Robert Joseph Mullens (November 1, 1922 – July 22, 1989) was an American professional basketball player. An All-American at Fordham University, Mullens played one full season in the Basketball Association of America (which merged with the National Basketball League in 1949 to create the National Basketball Association), splitting the 1946–47 season between the New York Knicks and the Toronto Huskies.

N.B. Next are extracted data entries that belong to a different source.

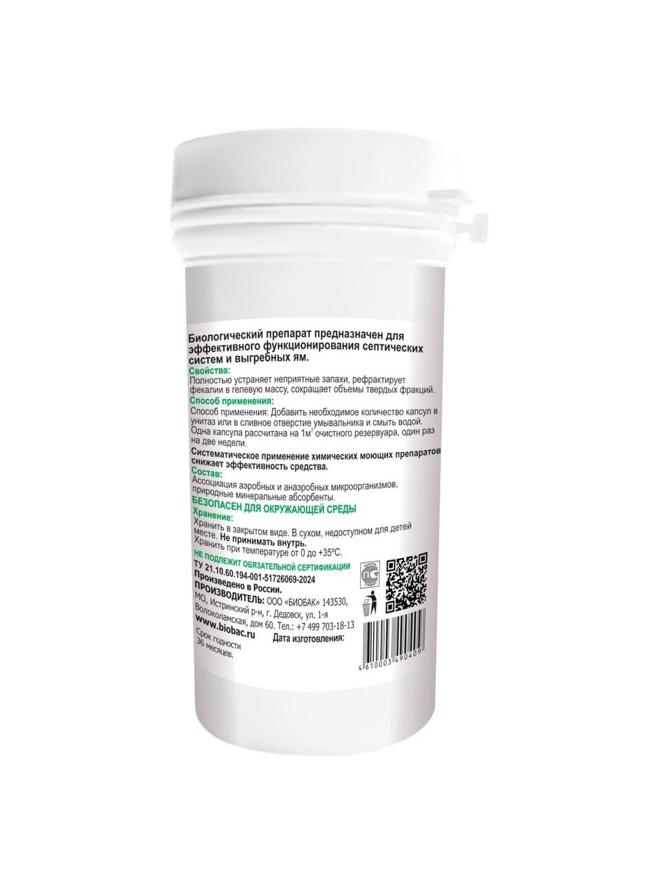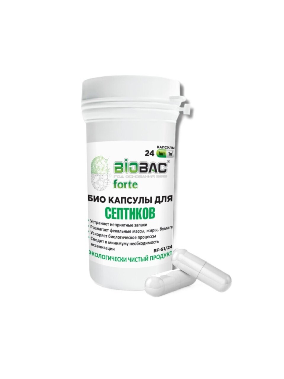 Вы можете приобрести «Биосостав для септиков, Биобак, Концентрат бактерий в капсулах, 24 капсулы, BF-S1/24» и другие товары в нашем интернет-магазине в Тамбове по низким ценам и с бесплатным самовывозом.
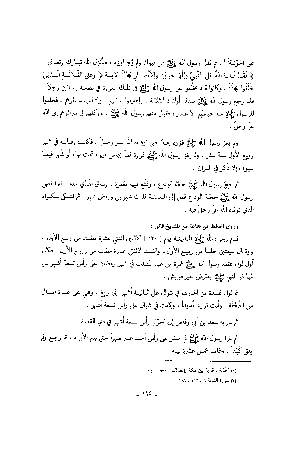 على الجونة، ثم قفل رسول الله صَلَّى اللهُ عَلَيْهِ وَسَلَّمَ من تبوك ولك يجاوزها فأنزل الله تبارك تعالى: " لقد تاب الله على النبي والمهاجرين والأنصار " الآية " وعلى الثلاثة الذين خلفوا "، وكانوا قد تخلفوا عن رسول الله صَلَّى اللهُ عَلَيْهِ وَسَلَّمَ في تلك الغزوة في بضعة وثمانين رجلاً. فلما رجع رسول الله صَلَّى اللهُ عَلَيْهِ وَسَلَّمَ صدقه أولئك الثلاثة، واعترفوا بذنبهم، وكذب سائرهم، فحلفوا للرسول ما حبسهم إلا عذر، فقيل منهم رسول الله صَلَّى اللهُ عَلَيْهِ وَسَلَّمَ، ووكلهم في سرائرهم إلى الله عز وجل.
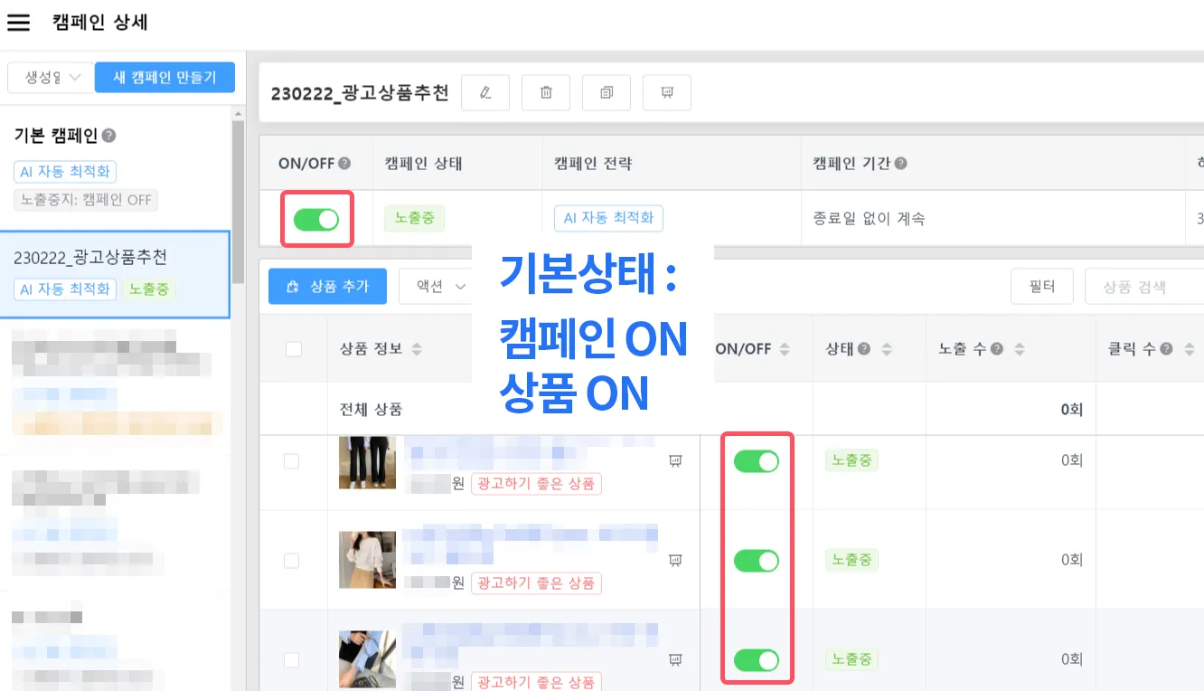 STEP 2. 추천 상품을 새 캠페인으로 등록하기
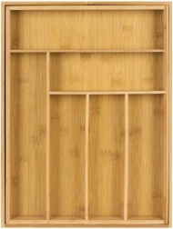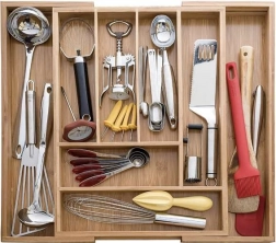 Få styr på bestik, knive og køkkenredskaber med den tidløse bambusorganizer RUHHY. Med de udtrækkelige sider får du en variabel inddeling med 6–8 rum, der nemt tilpasses både indhold og skuffebredde. Det naturlige materiale udmærker sig ved holdbarhed, hurtig tørring og en æstetisk fremtoning, der passer ind i ethvert moderne køkken.
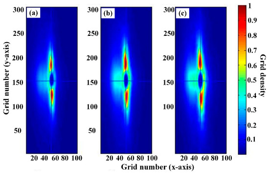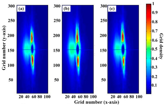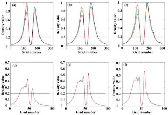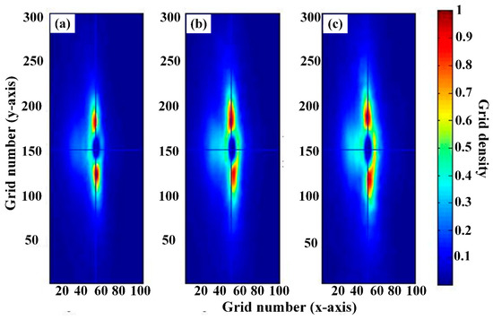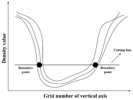 Ships are divided into three categories based on the ship length, 60–79 m, 80–99 m, 100–120 m. The grid density maps of the same type of the individual ship are aggregated to calculate the ship domain of the same length range, and the aggregation processes is shown in Figure 5. The density value is normalized between 0 and 1, and the grid is recovered with different color according to the density value. Then, the grid density map can be obtained, which can clearly show the shape for various types of ship domain. The size of the ship domain can be calculated by segmenting the grid density map [31,40], as shown in Figure 6. The number of grids between the intersect points formatted by the cutting line and the density curve denotes the length of the ship domain.
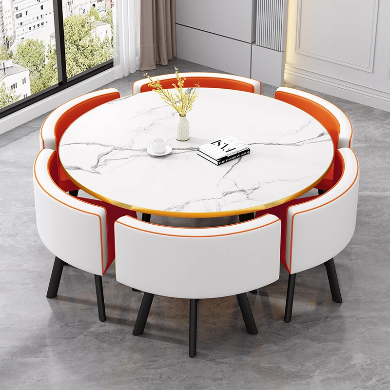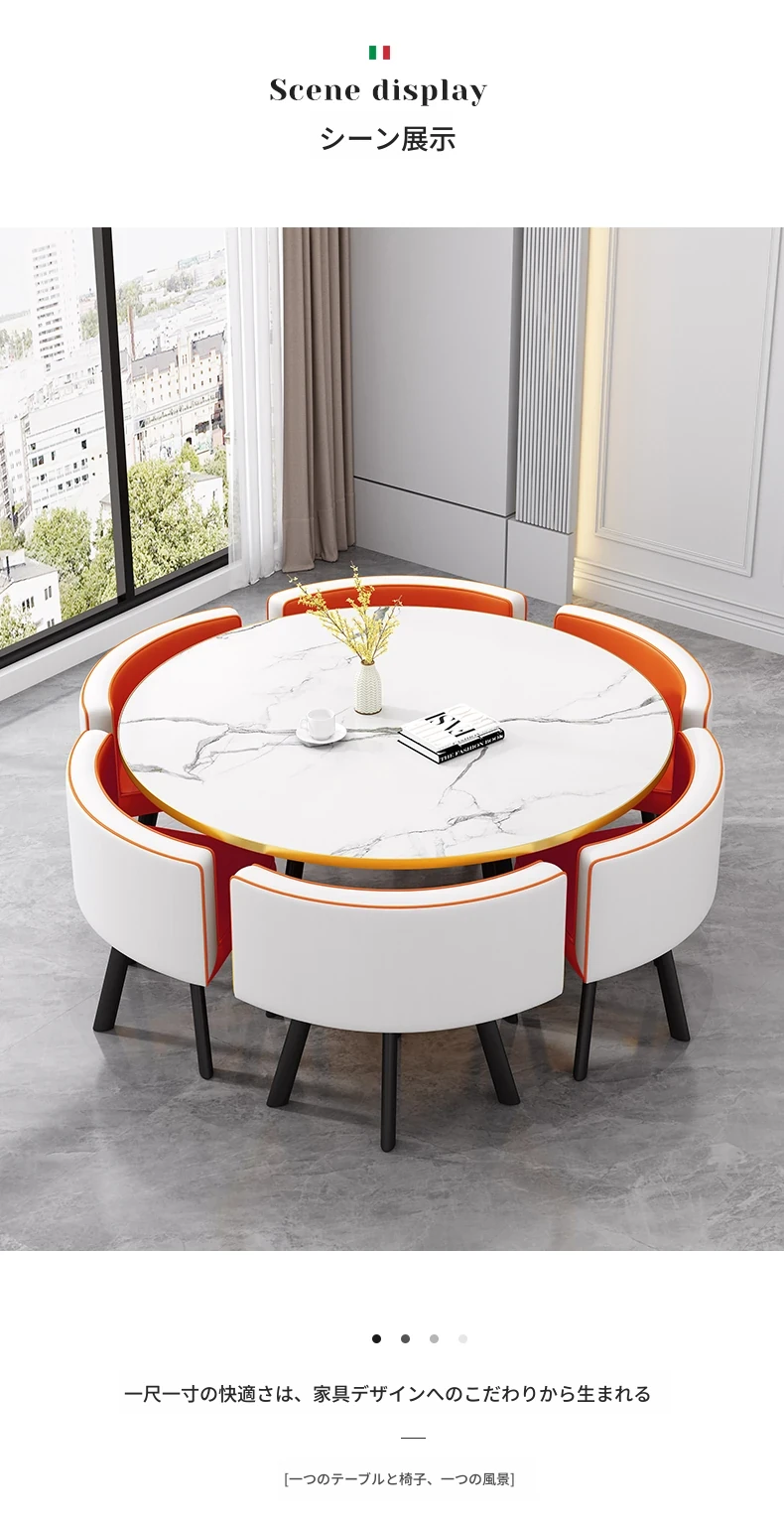 オレンジホワイト120cmテーブル+6PUレザー椅子
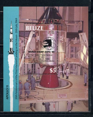Почтовые марки. Белиз. 1989г. Космос. Аполло-11. Надпечатка ЭКСПО. Блок №98 (Mi: 10.00 Евро).
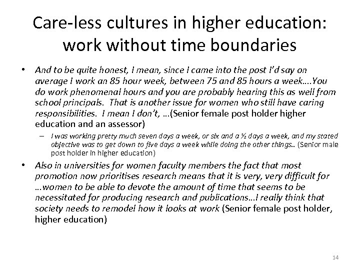 Care-less cultures in higher education: work without time boundaries • And to be quite honest, I mean, since I came into the post I’d say on average I work an 85 hour week, between 75 and 85 hours a week…. You do work phenomenal hours and you are probably hearing this as well from school principals. That is another issue for women who still have caring responsibilities. I mean I don’t, …(Senior female post holder higher education and an assessor) – I was working pretty much seven days a week, or six and a ½ days a week, and my stated objective was to get down to five days a week while doing the other things. . (Senior male post holder in higher education) • Also in universities for women faculty members the fact that most promotion now prioritises research means that it is very, very difficult for …women to be able to devote the amount of time that seems to be necessitated for producing research and publications…I really think that society needs to remodel how it looks at work (Senior female post holder, higher education) 14
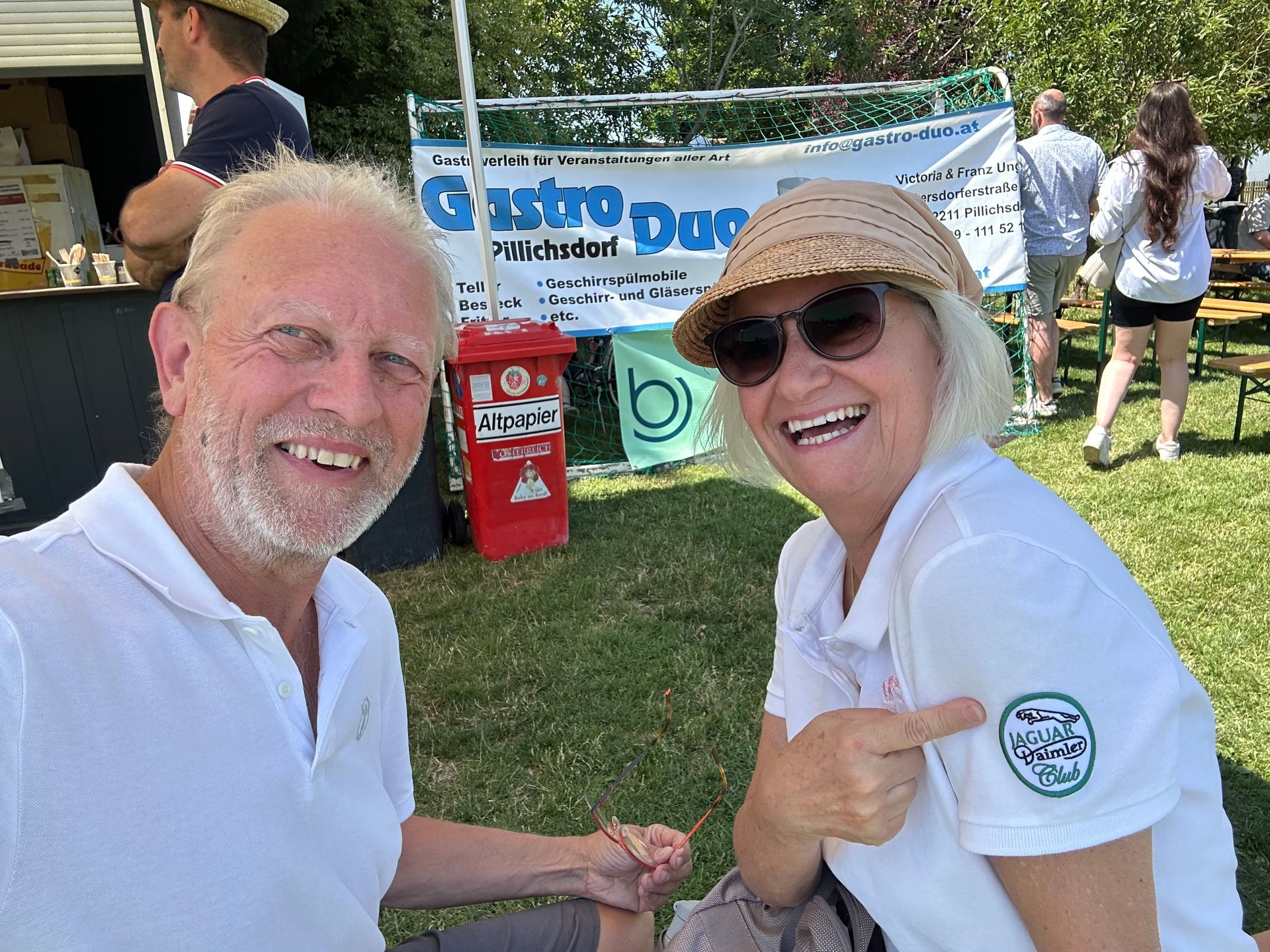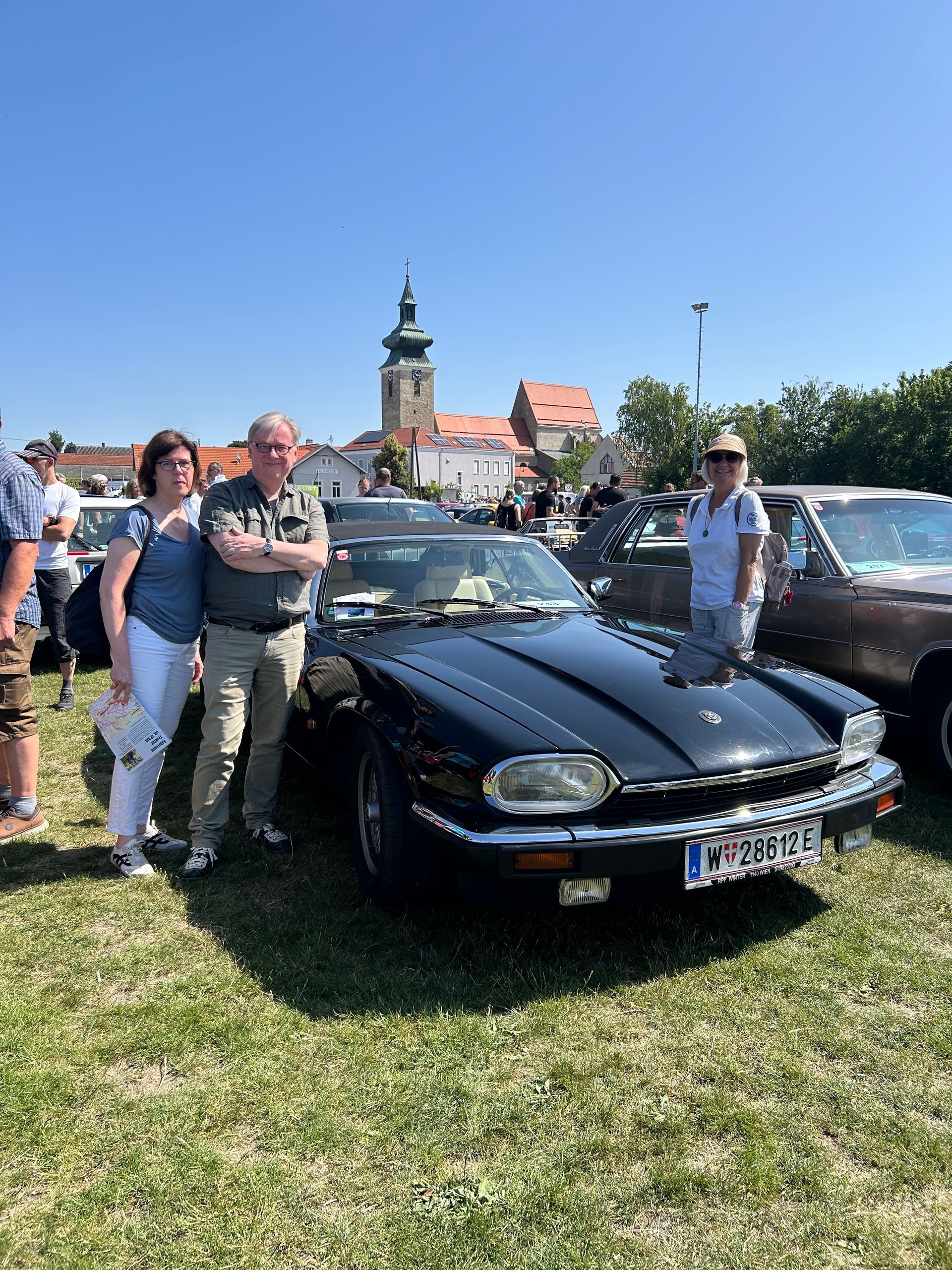 Der Jaguar Daimler Club war mit insgesamt vier Fahrzeugen vertreten. Andi & Eva führten den Daimler V8 auf die grüne Wiese, Günther & Karin erschienen mit einem Jaguar XJ-S Convertible, Pepi, Gaby & Branco schnurrten mit einem Jaguar XJ6 zum Treffen und Hans tuckerte mit seiner Ape Calessino nach Pillichsdorf - nicht ganz britisch aber sehr originell.
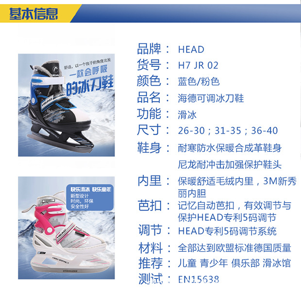 海德HEAD成人冰刀鞋可调冰刀冰球刀真冰滑冰鞋球刀伸缩鞋国内外销
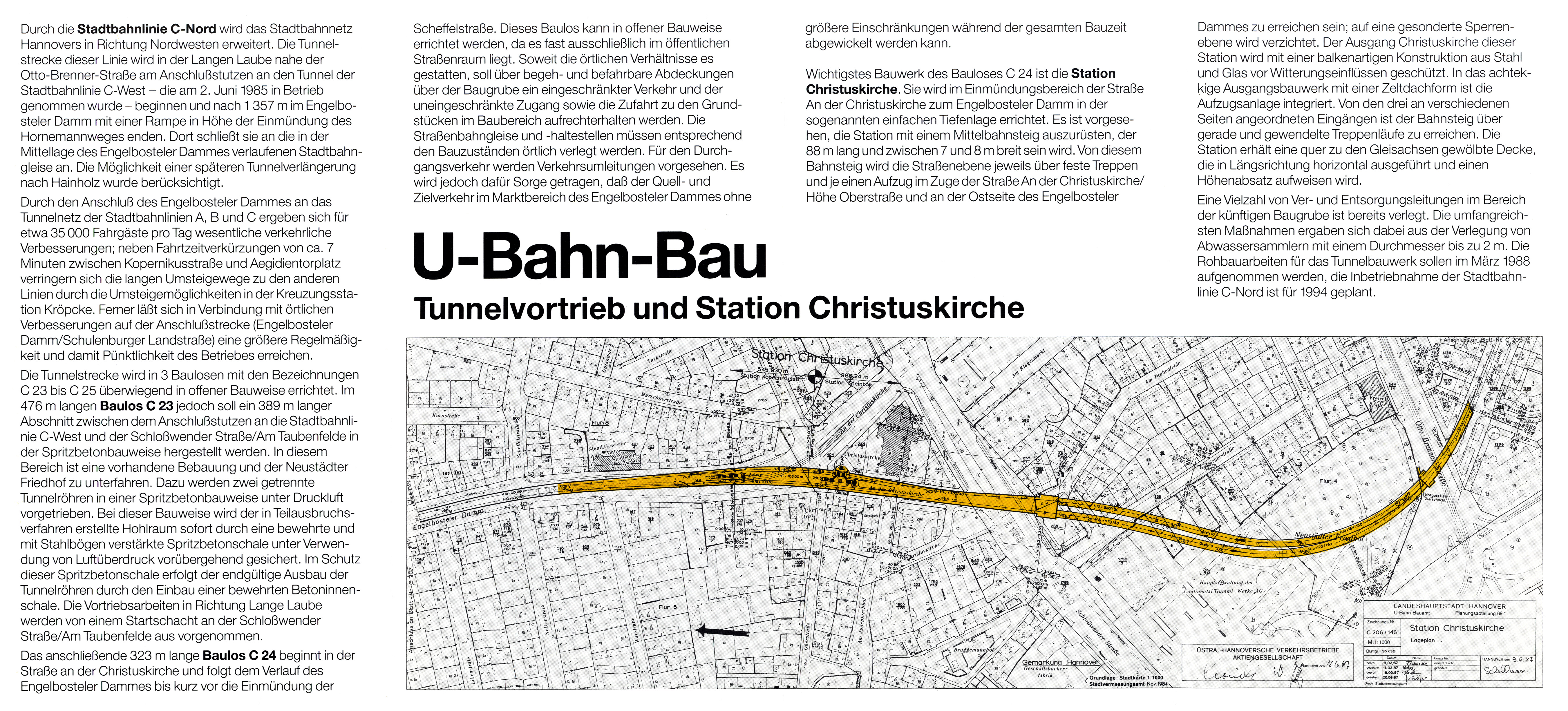 In dieser Infobroschüre mit Einklapper aus dem Jahr 1990 wird das Baulos C 25 Engelbosteler Damm und Station Christuskirche vorgestellt, inklusive einiger Baustellenfotos.
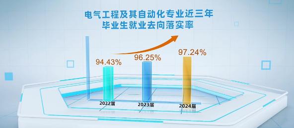 就业好,好就业,是王牌专业核心竞争力。如电气工程及其自动化专业近三年就业去向落实率超97%,高质量就业占比达32.26%。毕业生多就职于国家电网、发电集团、新能源龙头及轨道交通领域,从事研发与管理岗位,平均薪酬普遍过万。
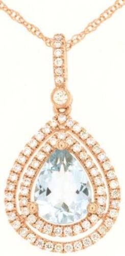14KT ROSE GOLD FUN FLOATING PENDANT. 3D DOUBLE HALO TEAR DROP DESIGN. ROUND DIAMONDS ARE F/G COLOR, VSSI CLARITY .40 CARATS. AAA EXTRA FACETED PEAR SHAPE AQUAMARINE IS 1.30 CARATS. COMES ON A 14KT GOLD DIAMOND CUT 16" INCH CHAIN. WRITTEN APPRAISAL AVAILABLE. COMES IN A PRESENTABLE GIFT BOX.
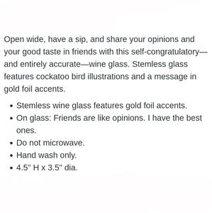 🦜🦜🦜NWT Adorable Stemless Wine Glass🦜🦜🦜
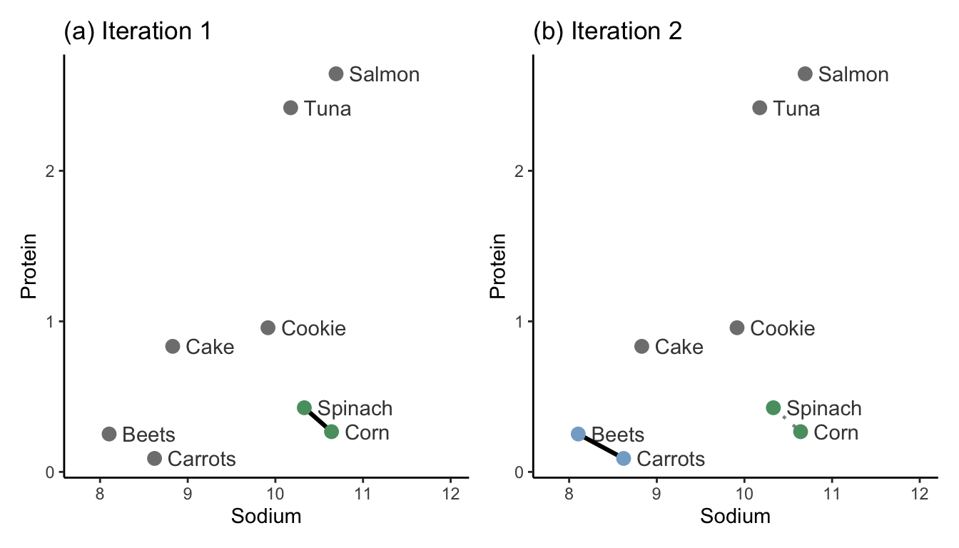 Iteration 2: Find the second most similar pair of clusters, and merge them too. In Figure 7.7(b), this step merges the clusters of the beets and carrots data points.

Mullens played high school basketball at Brooklyn Prep, where he was a prodigious scorer, setting the New York City Catholic League scoring mark. Upon graduation, Mullens chose hometown Fordham. At Fordham, Mullens led the Rams to the 1943 National Invitation Tournament semifinals and at the close of the season was named an All-American by Sporting News magazine and the Helms Athletic Foundation.

Mullens later was a player in the inaugural season of the BAA. He started the season with the New York Knicks, averaging 2.9 points in 26 games. He was traded to the Toronto Huskies for fellow Fordham alumnus Bob Fitzgerald on January 21, 1947. With the Huskies, he averaged 8.5 points per game in 28 contests.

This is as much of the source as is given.